Common symptoms will include localised pain to the buttocks region. This will generally be on one side and will travel down the side of your tailbone. Pain can radiate from the buttocks and down the side of the leg (or into your pelvis, scrotum, labia or penis). Additionally, sufferers can experience spasm throughout their gluteal muscles, as well as pain across the base of their lower back.

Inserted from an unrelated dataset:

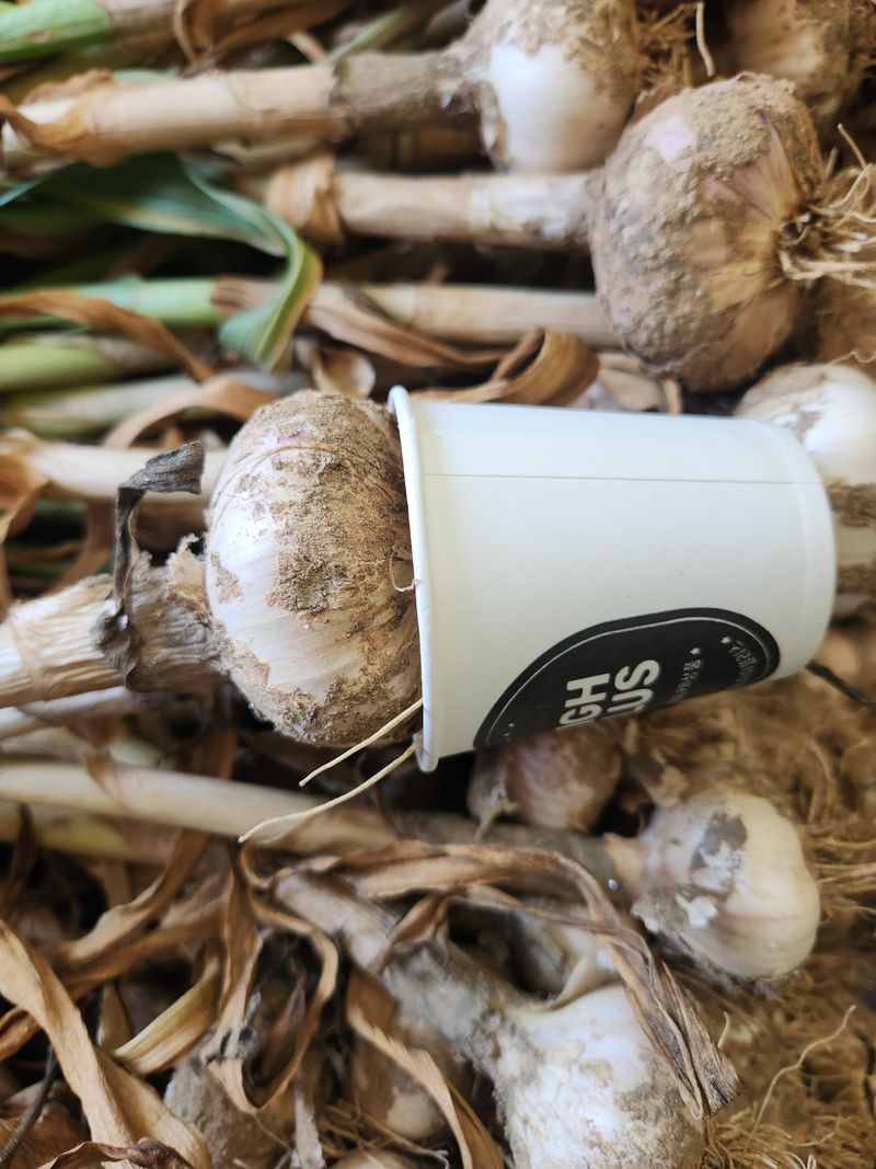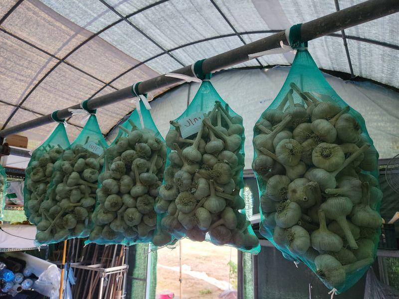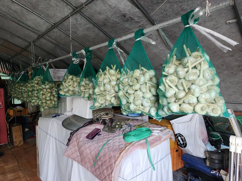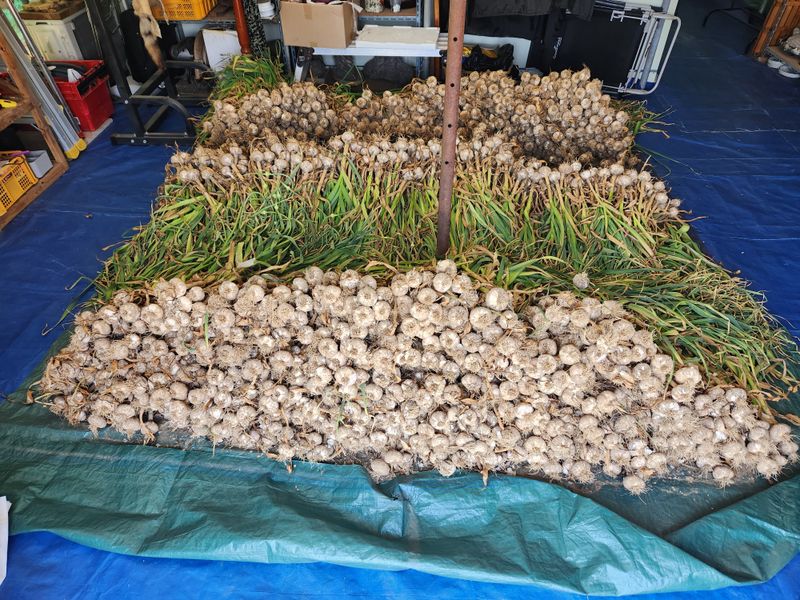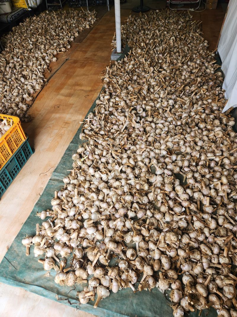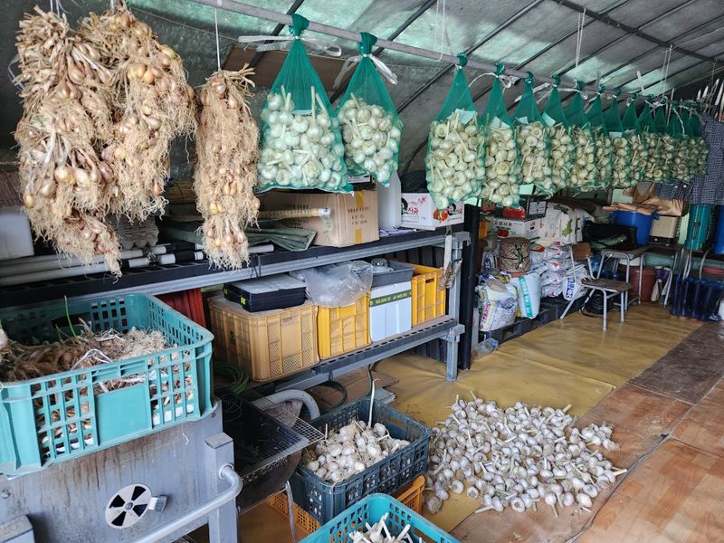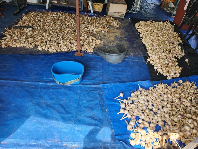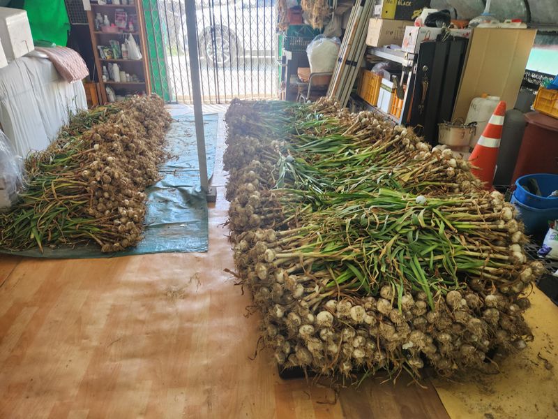 홍산마늘을 오늘 수확 했습니다 토요일쯤 비예보가 있어 하우스창고(1),하우스창고(2) 여기저기 쌓아 놓았습니다 썩지는 않겠지요 마늘싹이 엄청굵었는데 마늘은 기대치보다는 작은편입니다 종이컵 크기만 합니다

Aggravating activities can include arching your back, twisting in bed, long car journeys, walking up hills and going down stairs. SIJ dysfunction is difficult to diagnose with more common forms of imaging such as MRI and X-ray. Currently, the most-effective method is a ‘SPECT’ CT scan, which has a high rate of clinical accuracy. This condition is most commonly found in women (68 per cent), as demonstrated in a study conducted by Arthritis Care in 2010, but can also occur in males.
How can physiotherapy help with sacroiliac joint dysfunction?

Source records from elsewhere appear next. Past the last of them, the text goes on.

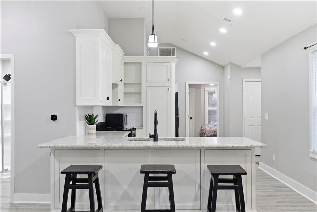 This adorable bungalow lives far larger than its footprint thanks to an open, well-designed floor plan. Step inside to soaring ceilings and a spacious living area that flows seamlessly into the dining and kitchen spaces. Durable LVP flooring runs throughout the main living areas and bathrooms, with cozy carpet in the bedrooms. The custom kitchen features beautiful countertops, abundant cabinetry, and newer appliances. Completely updated from top to bottom, this move-in-ready gem is a must-see—perfect for an owner-occupant or as a turnkey investment opportunity. Don't miss this one, tour it today!
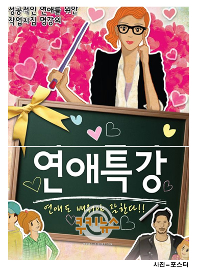 연애의 명강의로 통하는 ‘연애특강’은 현재 절찬리에 상연 중이다. 다음 달 27일까지 서울 대학로 예술마당에서 관람할 수 있다. 배우 박광용, 홍리나, 신종호, 김리나, 김경화 등이 출연한다.
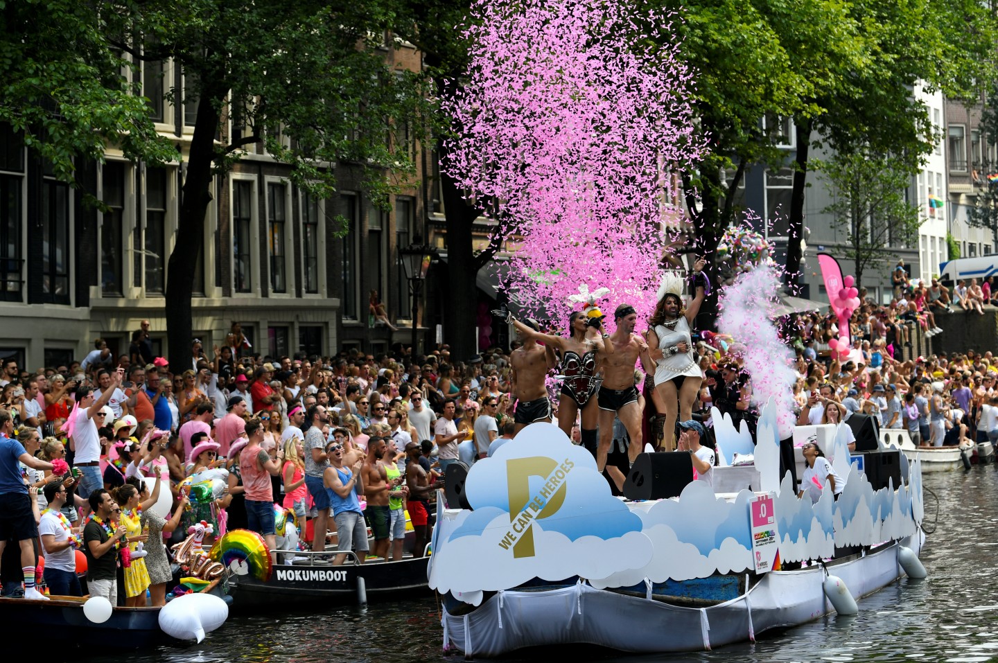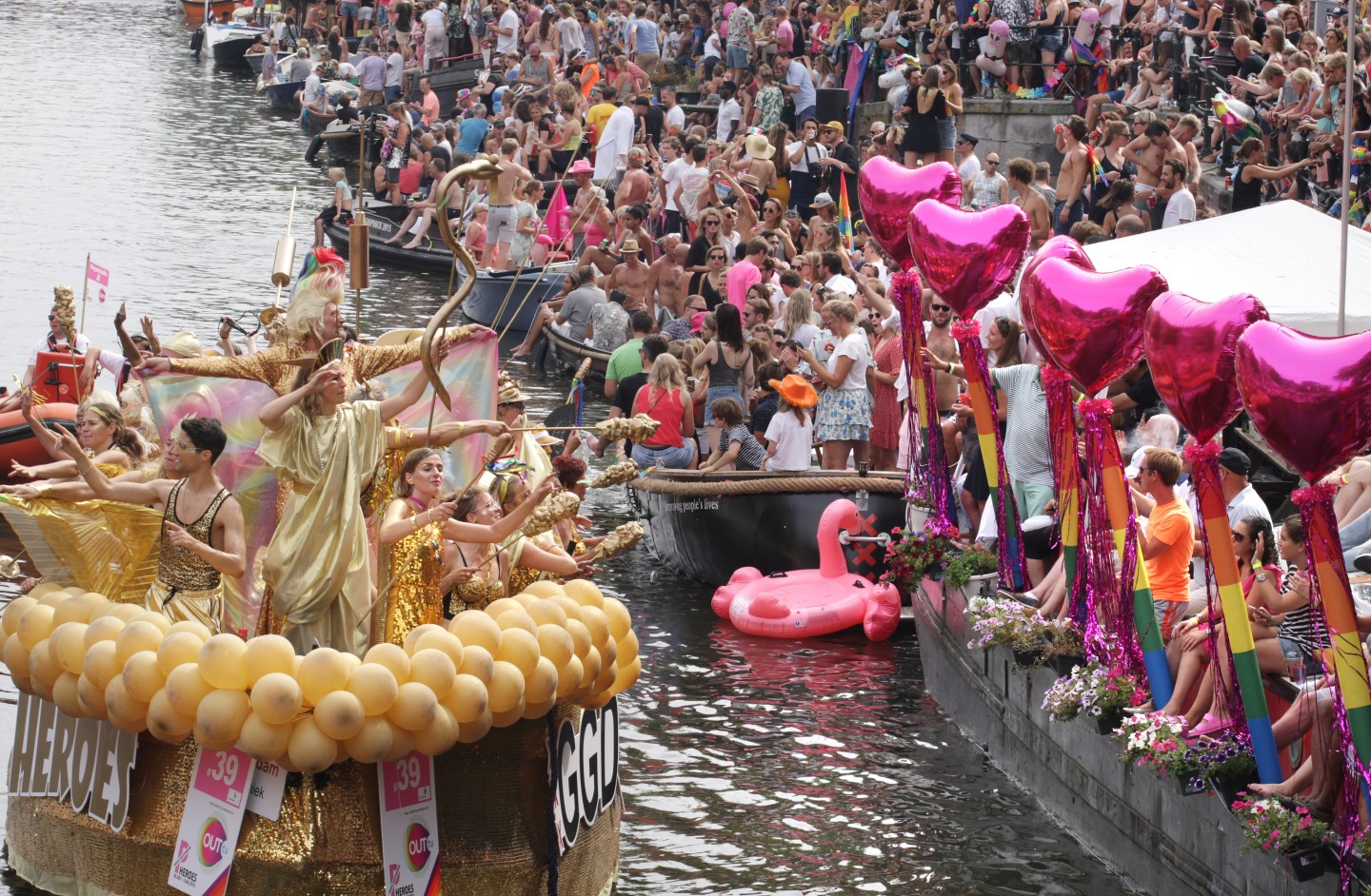 Šajā nedēļas nogalē Amsterdamā noticis praids, kuram par godu rīkota arī krāšņa kanāla regate.
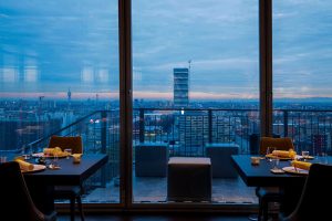 Ci si trova, dopo una velocissima ascesa nell’ascensore a vetri, al XX piano della WJC Tower, nuova costruzione del quartiere Portello, a poca distanza dal futuristico City Life. E’ il ristorante più alto d’Italia e appena si entra lo sguardo spazia sull’intero skyline di Milano, per un panorama a 360 gradi sulla città meneghina, con il sole allo zenit per il pranzo e un romantico tramonto per la cena. Per la cena più romantica dell’anno lo chef Fabrizio Ferrari propone un menu a 95 euro a 5 portate con si concludono con il sensuale dessert del pastry chef Beppe Allegretta, “Fix You”.
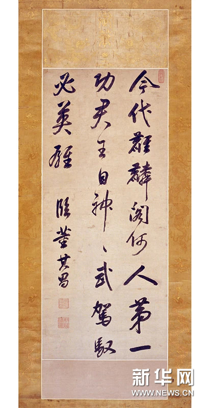 沈阳故宫馆藏“清玄烨临董其昌行书诗轴”洒金蜡笺绫本。右上引首钤篆文白文“渊鉴斋”长圆印,行书写诗一首,全诗为:“今代麒麟阁,何人第一功。君王自神武,驾驭必英雄。”诗后署款“临董其昌”,下钤篆书朱文“康熙宸翰”“敕几清宴”二方印。
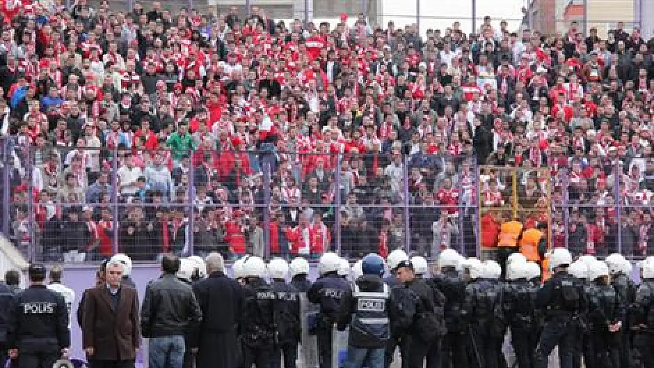 Stadın karşısındaki Irmak Polis Merkezi'nin önündeki otobüsü taşlamak isteyen taraftarlara polis müdahale etti.

A physiotherapist skilled in the area of lumbopelvic and hip pain can differentiate sacroiliac pain from other areas that can refer to the region, including the lower back and hip. Your physiotherapist can then design a comprehensive plan of manual therapy to the pelvis and surrounding joints and muscles as needed. This hands-on treatment will be supported with a comprehensive and progressive functional exercise program to build control and dynamic strength through the lumbar spine, pelvis and hips, for everyday life, work and sport.
How effective is physiotherapy for sacroiliac joint dysfunction?
Physiotherapy has been shown to be the most effective treatment for sacroiliac dysfunction. In a landmark research study based in Sydney, 1200 patients were diagnosed with SIJ incompetence both clinically and on CT scan (SPECT). Of these patients, 80 per cent went on to overcome their issues with a comprehensive physiotherapy program, without requiring further specialist injections or surgery. Further, research published in the British Journal of Sports Medicine in November 2012 showed that pelvic pain caused by SIJ dysfunction can be 95 per cent resolved by musculoskeletal physiotherapy.
What can I do at home?
Laying on your stomach with a pillow under the lumbar spine, and a hard-covered book under the pelvic bone, on the painful side, can often help alleviate the pain. This can be combined with ice on the painful joint if inflammation is present, or heat on the bottom muscles if they are tight and overactive. Gentle sit-to-stand exercises from a chair, stopping just before you sit on the chair, can help build the bottom muscles that support the sacroiliac joint. Bike and compression shorts or female contouring undergarments may also be useful for providing compression to the area for pain relief and control.
How long until I feel better?
Generally, SIJ dysfunction requires a change in biomechanical patterning and an increase in strength, particularly through the core and gluteals. This will take a minimum of 12 weeks to achieve. Patients can expect a prognosis between 12-24 weeks before symptoms completely disappear. Ongoing performance of strengthening exercises is required to prevent reoccurrence.